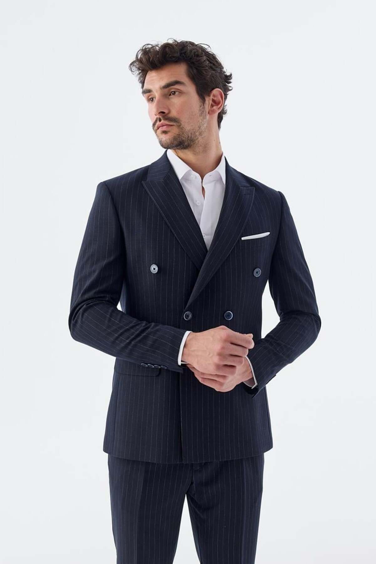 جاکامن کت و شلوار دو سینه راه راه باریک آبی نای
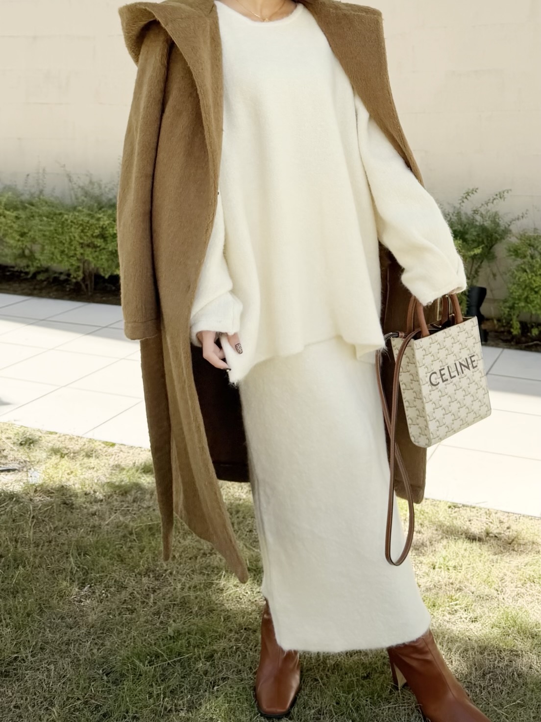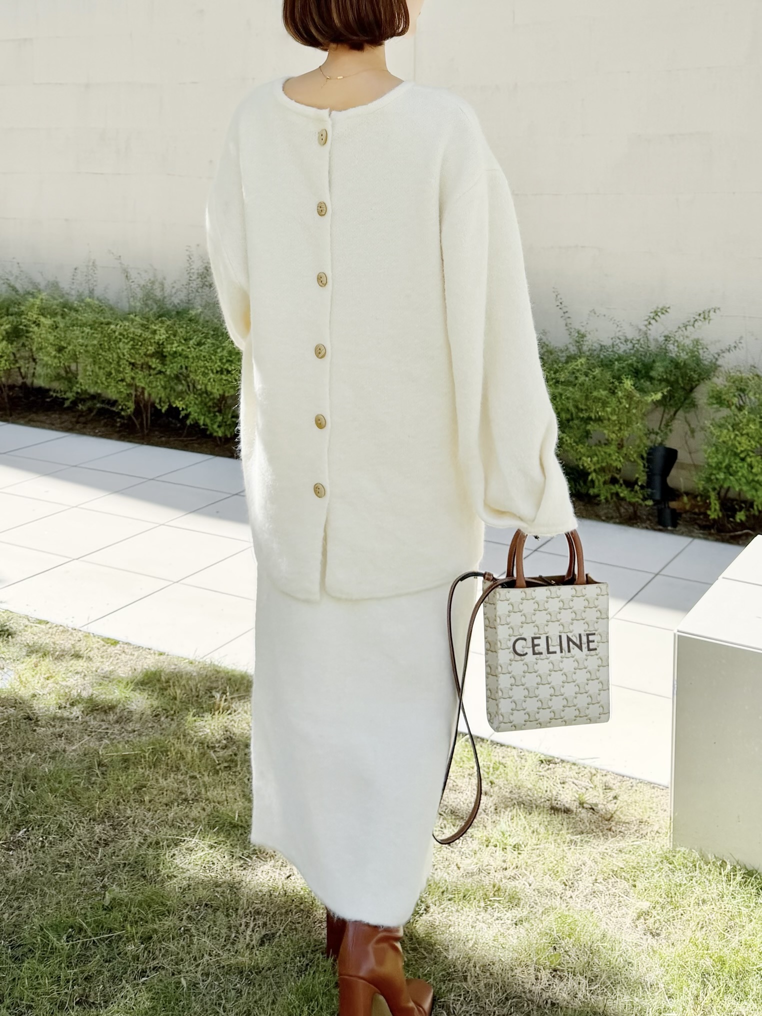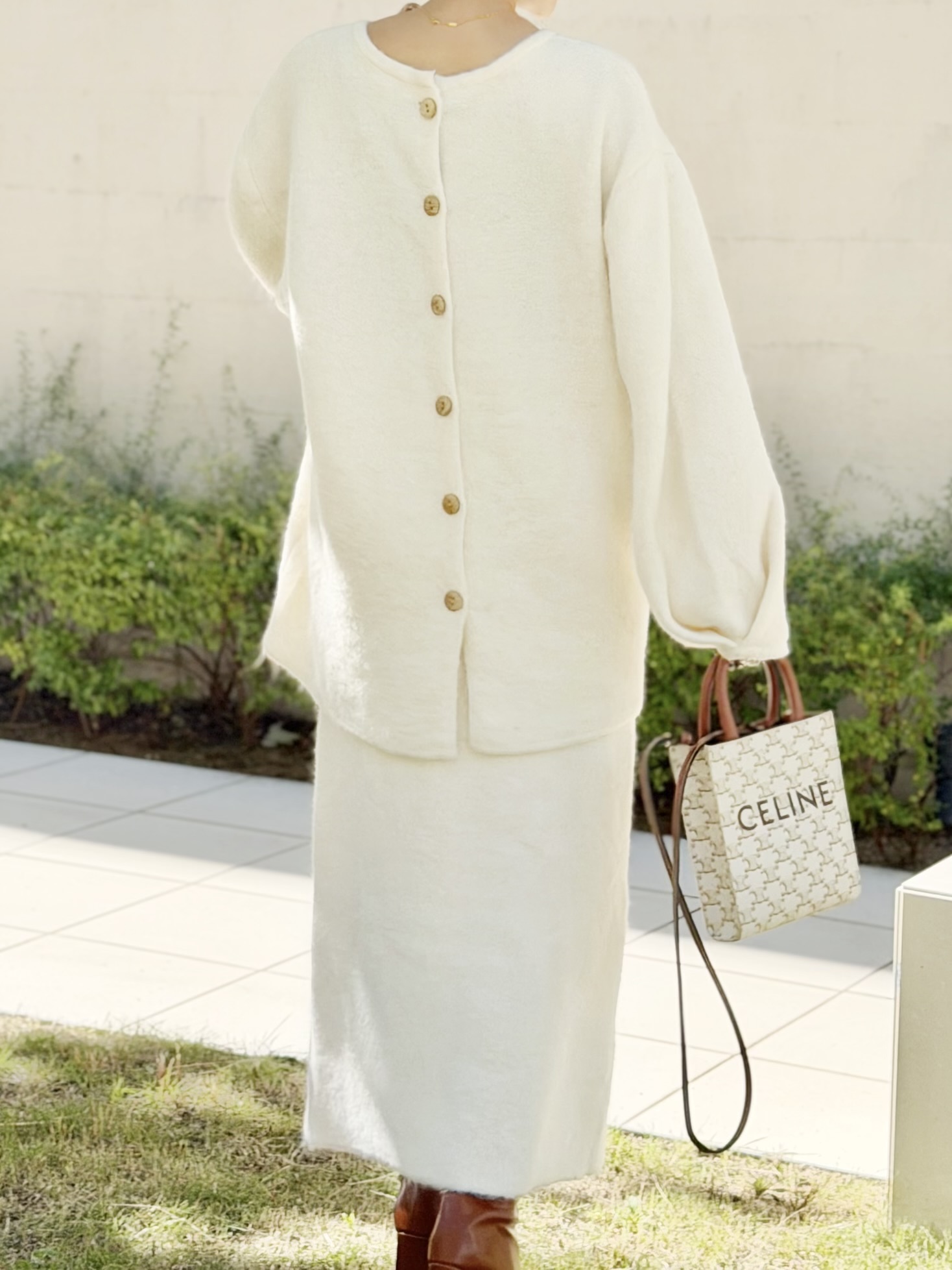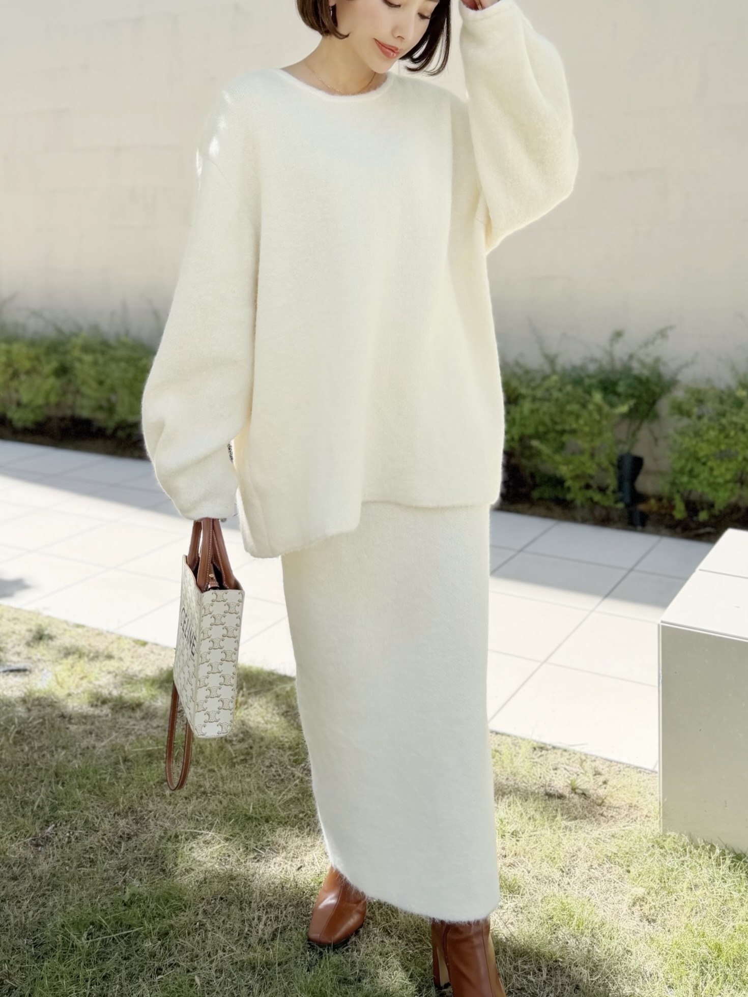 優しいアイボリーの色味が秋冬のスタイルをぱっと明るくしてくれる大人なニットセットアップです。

_____

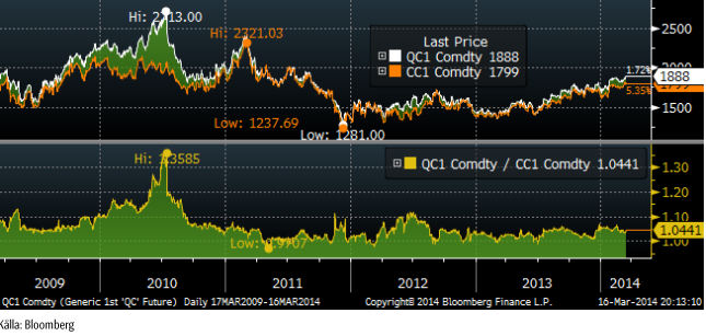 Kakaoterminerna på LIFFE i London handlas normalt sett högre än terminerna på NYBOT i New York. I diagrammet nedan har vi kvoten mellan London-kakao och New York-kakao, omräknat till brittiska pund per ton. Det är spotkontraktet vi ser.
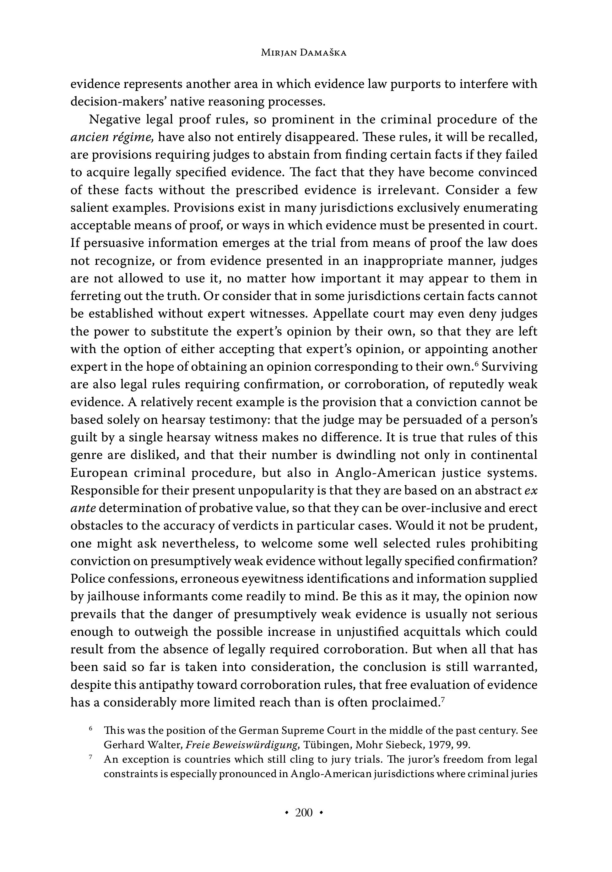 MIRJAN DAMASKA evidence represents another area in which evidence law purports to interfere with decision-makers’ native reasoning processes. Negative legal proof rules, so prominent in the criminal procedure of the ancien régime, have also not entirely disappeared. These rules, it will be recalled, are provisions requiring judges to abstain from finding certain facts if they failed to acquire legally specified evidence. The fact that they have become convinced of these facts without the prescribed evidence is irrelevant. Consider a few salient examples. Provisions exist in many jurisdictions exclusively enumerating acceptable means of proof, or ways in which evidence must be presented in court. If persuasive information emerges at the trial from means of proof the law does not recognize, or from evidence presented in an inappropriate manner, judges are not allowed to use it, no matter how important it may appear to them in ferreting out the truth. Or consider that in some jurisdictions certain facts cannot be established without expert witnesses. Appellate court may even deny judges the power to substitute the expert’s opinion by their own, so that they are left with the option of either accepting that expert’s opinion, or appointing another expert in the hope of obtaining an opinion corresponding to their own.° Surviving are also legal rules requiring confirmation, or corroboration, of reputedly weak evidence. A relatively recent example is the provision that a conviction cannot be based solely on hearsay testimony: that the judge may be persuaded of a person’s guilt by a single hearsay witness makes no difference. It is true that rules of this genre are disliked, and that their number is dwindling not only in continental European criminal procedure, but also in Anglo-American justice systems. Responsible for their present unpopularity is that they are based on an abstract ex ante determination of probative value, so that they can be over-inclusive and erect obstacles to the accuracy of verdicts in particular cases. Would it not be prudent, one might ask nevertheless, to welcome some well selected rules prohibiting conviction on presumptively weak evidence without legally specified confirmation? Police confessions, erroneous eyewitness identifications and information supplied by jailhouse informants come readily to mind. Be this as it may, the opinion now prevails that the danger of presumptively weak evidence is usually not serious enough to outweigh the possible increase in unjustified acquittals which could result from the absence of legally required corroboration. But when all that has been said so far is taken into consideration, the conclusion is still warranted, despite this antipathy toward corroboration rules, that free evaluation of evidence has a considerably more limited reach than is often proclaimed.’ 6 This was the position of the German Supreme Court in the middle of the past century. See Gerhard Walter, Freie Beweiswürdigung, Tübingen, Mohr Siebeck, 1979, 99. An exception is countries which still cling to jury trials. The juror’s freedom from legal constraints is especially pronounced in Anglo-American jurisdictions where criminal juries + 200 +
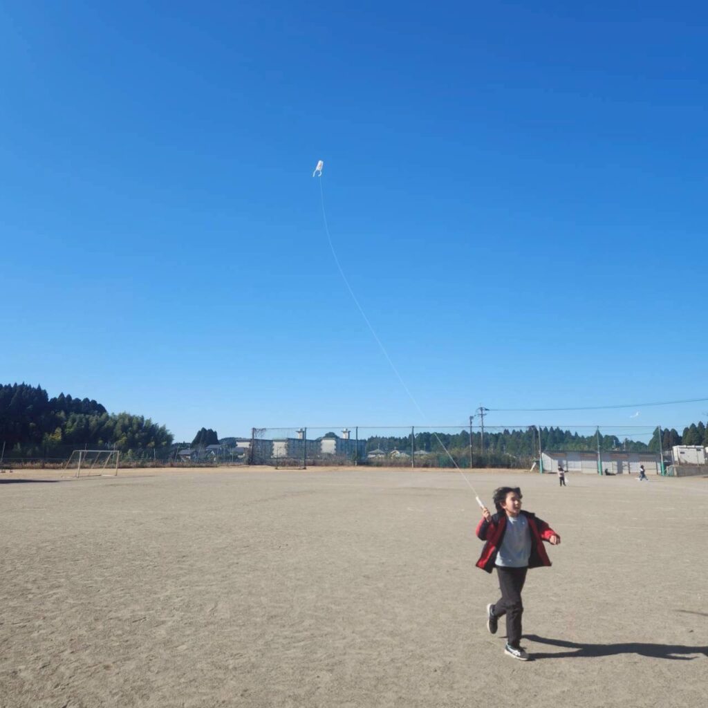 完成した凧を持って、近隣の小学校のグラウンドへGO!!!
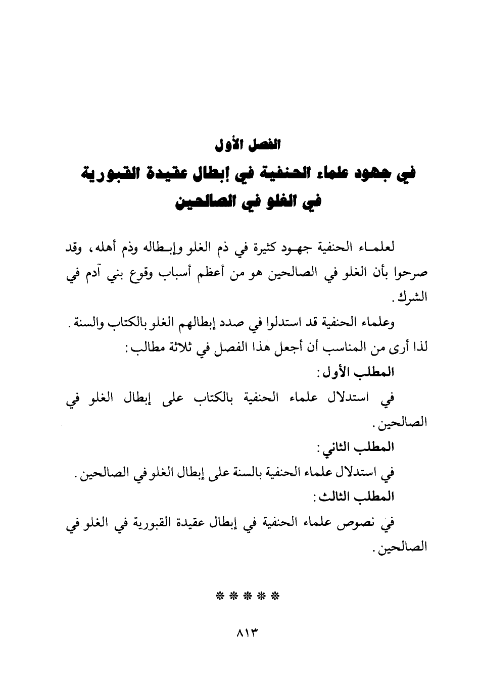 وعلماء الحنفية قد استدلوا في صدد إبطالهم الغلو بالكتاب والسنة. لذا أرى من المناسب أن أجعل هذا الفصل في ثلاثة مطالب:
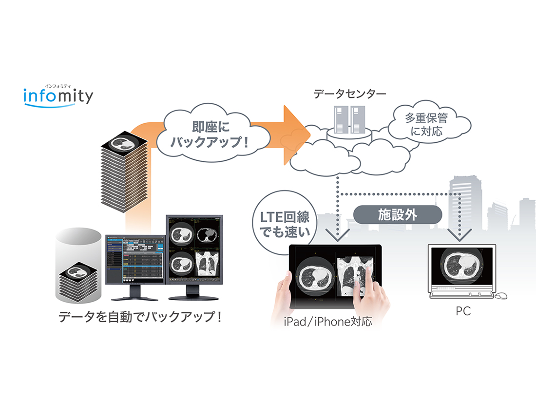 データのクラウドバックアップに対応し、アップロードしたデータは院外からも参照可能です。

_____

__About this exercise__
When you reach the line holding "جاکامن کت و" in the listing above, begin retyping exactly, and stop once the line holding "優しいアイボリーの色味が秋冬" is done; pictures stay out.

__Task output__
 جاکامن کت و شلوار دو سینه راه راه باریک آبی نای
 優しいアイボリーの色味が秋冬のスタイルをぱっと明るくしてくれる大人なニットセットアップです。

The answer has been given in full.